What Took Them So Long?

A few random thoughts (not all of them mine) regarding the U.S. Supreme Court’s decision to strike down Donald Trump’s global reign of economic terror by means of his “signature policy initiative,” namely his tariffs-by-mood-ring-and-mean-girl-whim fanaticism.


First, from former Republican congressman Justin Amash on X:

I’m not sure there’s ever been a president more distant from the ideals of the Founders of the United States and the Framers of the Constitution—and more detached from the core American culture of liberty, individualism, and self-determination—than President Trump.

That supremely moderate statement is what must count as a diplomatic and tactful assessment in the Trump era. To paraphrase Amash’s excellent summary of the facts: There may perhaps have been one man among the other forty-four American presidents who was more anti-American in his opinions, instincts, and presidential actions than Donald Trump, but I cannot name any such man with any confidence. Pithy understatement of the day, that.

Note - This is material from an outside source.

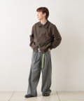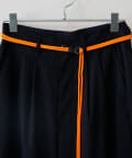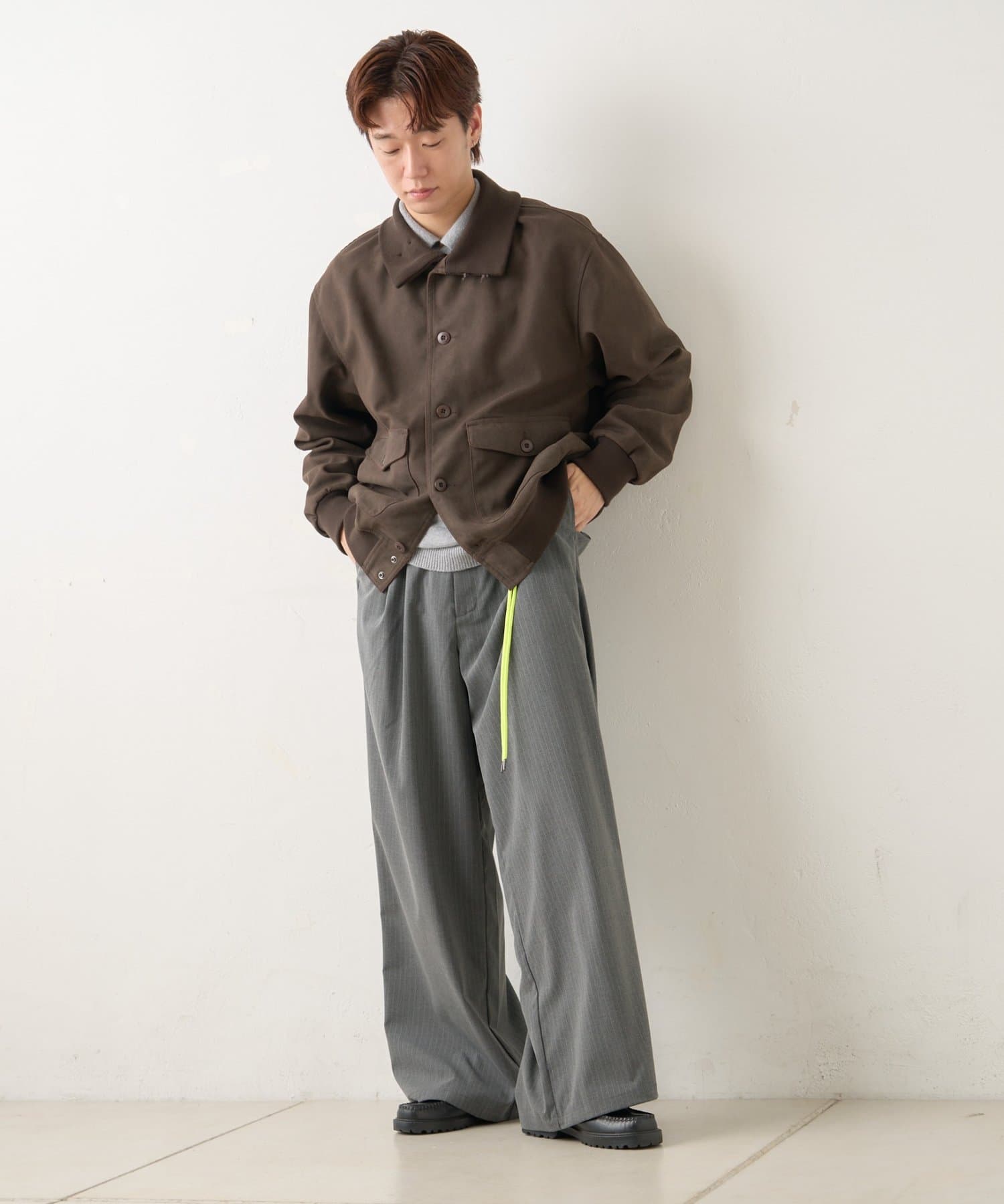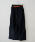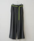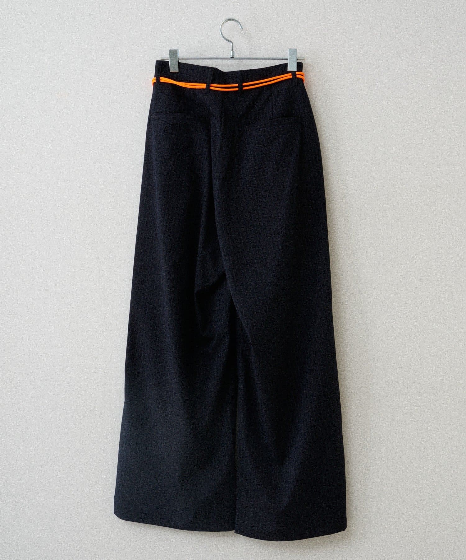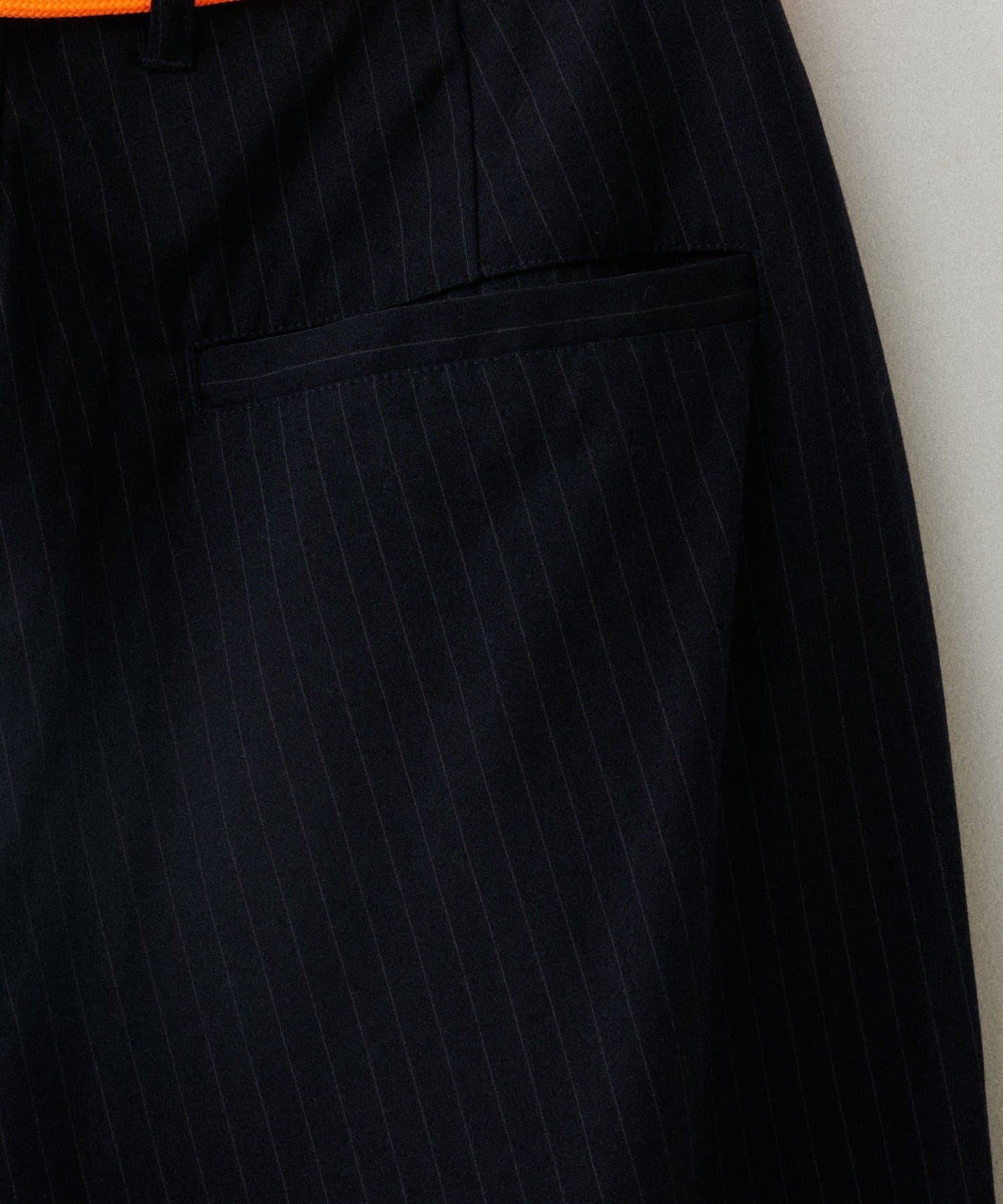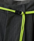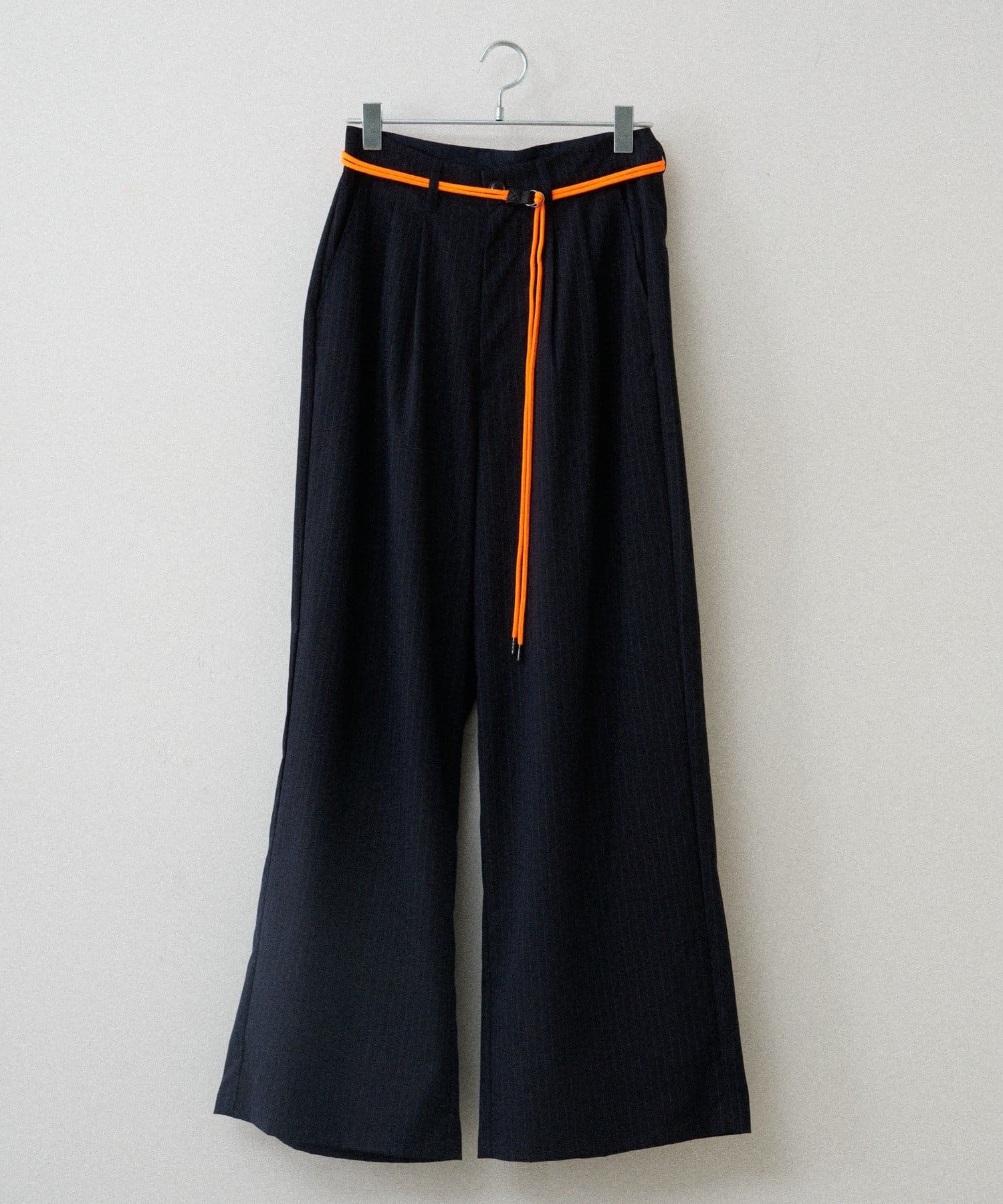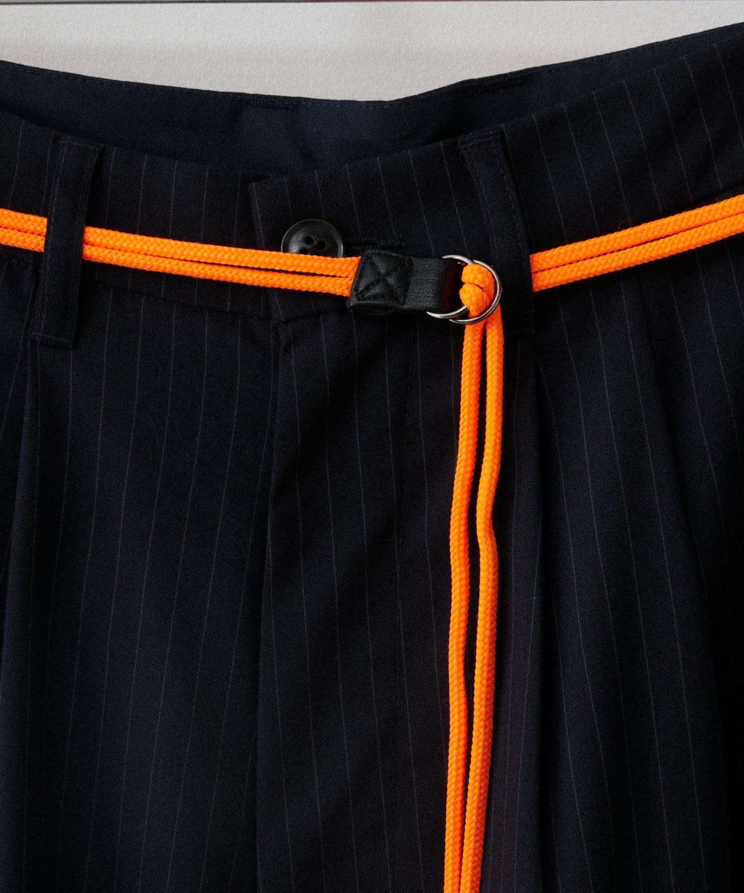 クラシックなピンストライプにストリート要素が漂うネオンカラーのコード紐を組み合わせたワイドスラックス。

It has been almost fourteen years since I wrote a popular article at American Thinker attacking Supreme Court Chief Justice John Roberts’ fateful decision on Obamacare’s individual mandate, in which I argued that his choice to side with the progressive justices in that case amounted to an abandonment of a core principle of what used to be called constitutional conservatism. It seems to me that fourteen years is a long time for a supreme court justice to wait to restore his honor in the eyes of the American Founders. However, with his choice to lead the majority in overturning Trump’s bogus and tyrannical application of an “emergency powers” law to circumvent the Constitution’s definitive separation of powers in a very obvious non-emergency situation — non-emergency in both the underlying conditions at issue and in the long-term and ever-malleable nature of the action itself — Roberts has at least taken a significant step towards redeeming himself as any sort of constitutionalist judge.


Of course Trump’s apologists in the Supreme Court and elsewhere will call this decision an outrage, an attack on proper presidential authority, and of course evidence of their ever-handy but non-existent diagnosis, Trump Derangement Syndrome. Unlike those apologists, however, who have proven to possess the most conveniently selective memories in the history of spiritual senility, I remember very well when fake conservatives like Mark Levin used to warn publicly about the dangerous potential for despotic abuse lurking in the old emergency powers laws of the 1970s — while Barack Obama was president — but who have now taken a one-hundred-and-eighty-degree turn in favor of defending precisely the kind of abuses they were imagining and hyperventilating about in Obama’s case, when the (real, not imagined) abuser of those laws happens to be a man who invites them to parties at his luxury mansion in Florida and grants them the privilege of shining his fool’s gold belt buckles. What would these people — I speak not only of the famous and profiteering ones, but the millions more who get nothing at all from the deal but the thrill of belonging to a rich cretin’s fan club — not sell themselves and their country out for at this point? Truly, try to persuade me that there is something they would not sell out in Trump’s name. Anything at all. I’m not picky. They can keep the defense of a notorious sex trafficker’s best friend, the random threats to invade NATO allies, the open and continual apologias for a serial critic-poisoning KGB dictator, the flagrant and repeatedly proven lies about a supposedly stolen election (proven by investigators who were working on Trump’s behalf!), the infinitely exploding national debt, the masked nationalized secret police force assaults on, and unaccountable murders of, non-violent American citizens, and all the rest of the well-known cases. Just give me one small thing, the pettiest little thing, that they would not defend and support merely to remain pure and ungainsayable in their absolute sycophancy to Trump. I’ll wait as long as you like.